Database Snapshots with Always On Availability Groups (SQL Server)
Applies to: SQL Server
[!NOTE] Creating database snapshots on any database has cpu and IO overhead due to copy on write activity. On database replicas, this can hurt redo throughput among other operations, especially as the number of snapshots increases.
You can create a database snapshot on an primary or secondary database in an availability group. The replica role must be either PRIMARY or SECONDARY, not in the RESOLVING state.
We recommend that the database synchronization state be SYNCHRONIZING or SYNCHRONIZED when you create a database snapshot. However, database snapshots can be created when the database synchronization state is NOT SYNCHRONIZING.

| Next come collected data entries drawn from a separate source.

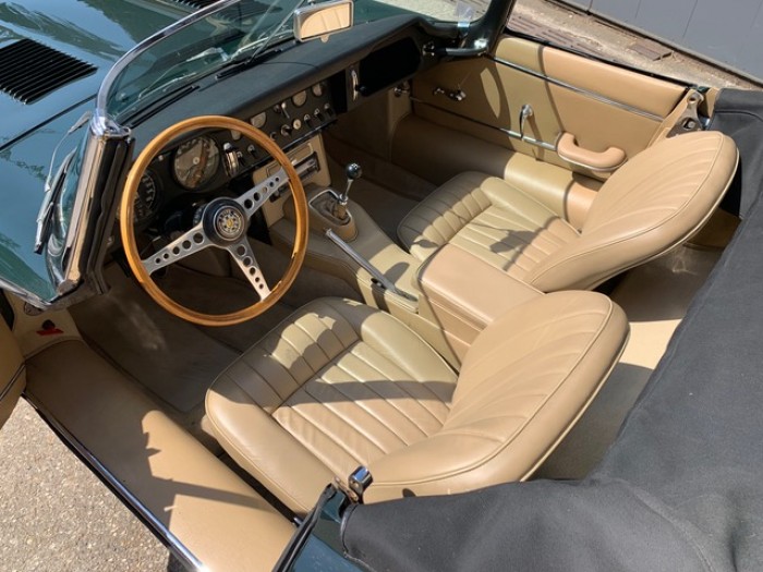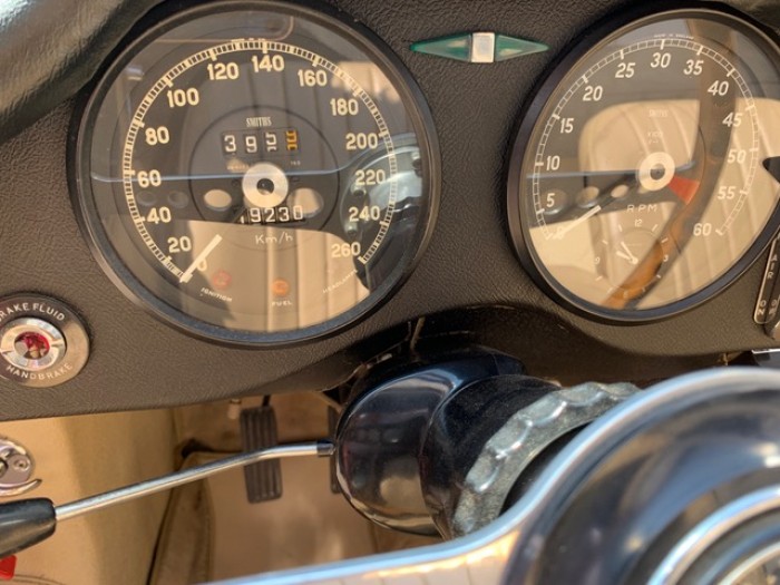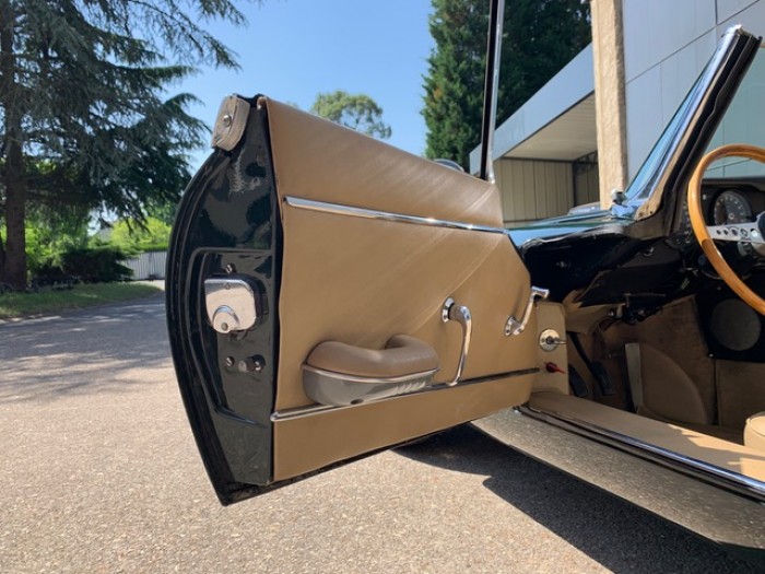 La sellerie fut restaurée intégralement avant 2000. Les sièges son en cuir beige, les panneaux de portes, le coffre ainsi que tous les éléments périphériques sont en parfait état.
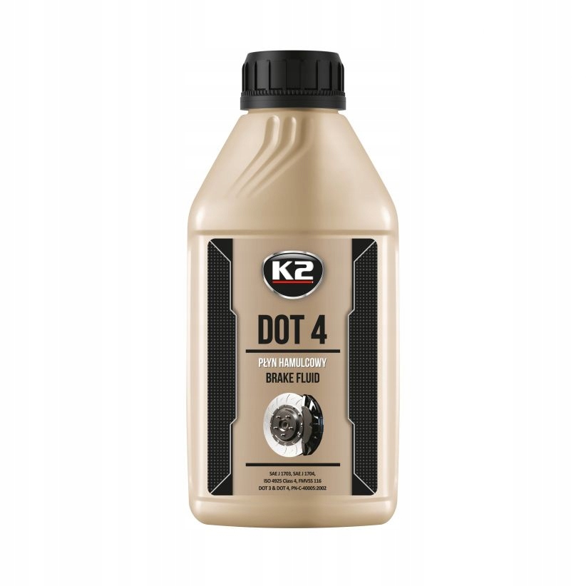 Гальмівна рідина DOT 4 має відмінні реологічні параметри, що дозволяє використовувати її при дуже низьких температурах. Він нейтральний до ущільнень і металевих сплавів, які використовуються в гальмівній системі, і захищає її від корозії. Гальмівна рідина K2 DOT 4 має температуру кипіння понад 230 градусів С, завдяки чому вона довше зберігає свої властивості. Продукт повністю змішується з іншими рідинами класу DOT.
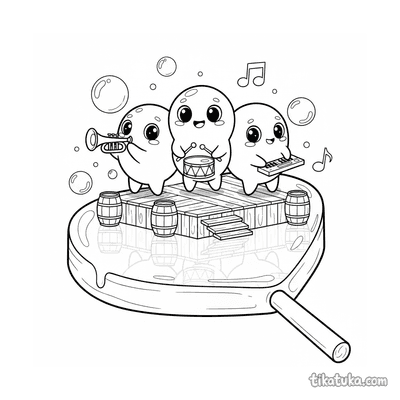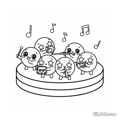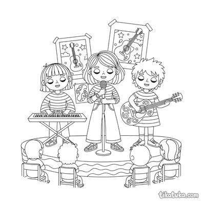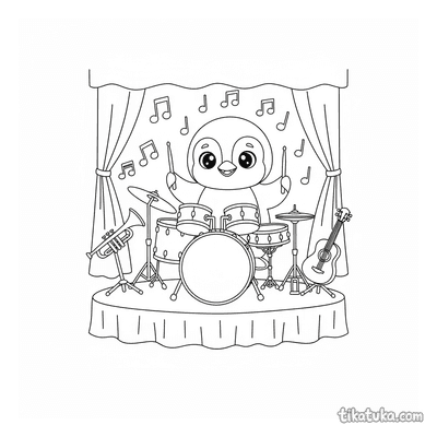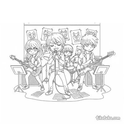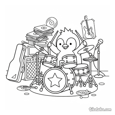 Aqui você encontra bandas em ação, como uma banda emo-lite tocando em um clube ou ensaiando, e uma banda punk diante de uma parede de graffiti. Também há músicos animais divertidos, incluindo um pinguim e um coelho bateristas, um pombo com trompete e um camaleão trompetista. Todas as 13 ilustrações estão em preto e branco, com traços nítidos ideais para colorir. Você pode baixar e imprimir as páginas em casa de forma gratuita, ou usar a ferramenta online para colorir diretamente no site.

A database snapshot on a secondary replica should continue to work if the replica is DISCONNECTED from the primary replica.
Some Always On availability groups conditions cause both the source database and its database snapshots to be restarted, temporarily disconnecting users. These conditions are as follows:
The primary replica changes roles, whether because the current primary replica goes off line and comes back online on the same server instance or because the availability group fails over.
The database enters the secondary role.
If the availability replica that hosts database snapshots is failed over, the database snapshots remain on the server instance where they were created. Users can continue to use the snapshots after the failover.If performance is a concern in your environment, we recommend that you create database snapshots only on secondary databases that are hosted by a secondary replica that is configured for manual failover mode. If you ever manually fail over the availability group to this secondary replica, you can create a new set of database snapshots on another secondary replica, redirect clients to the new database snapshots, and drop all of the database snapshots from the now primary databases.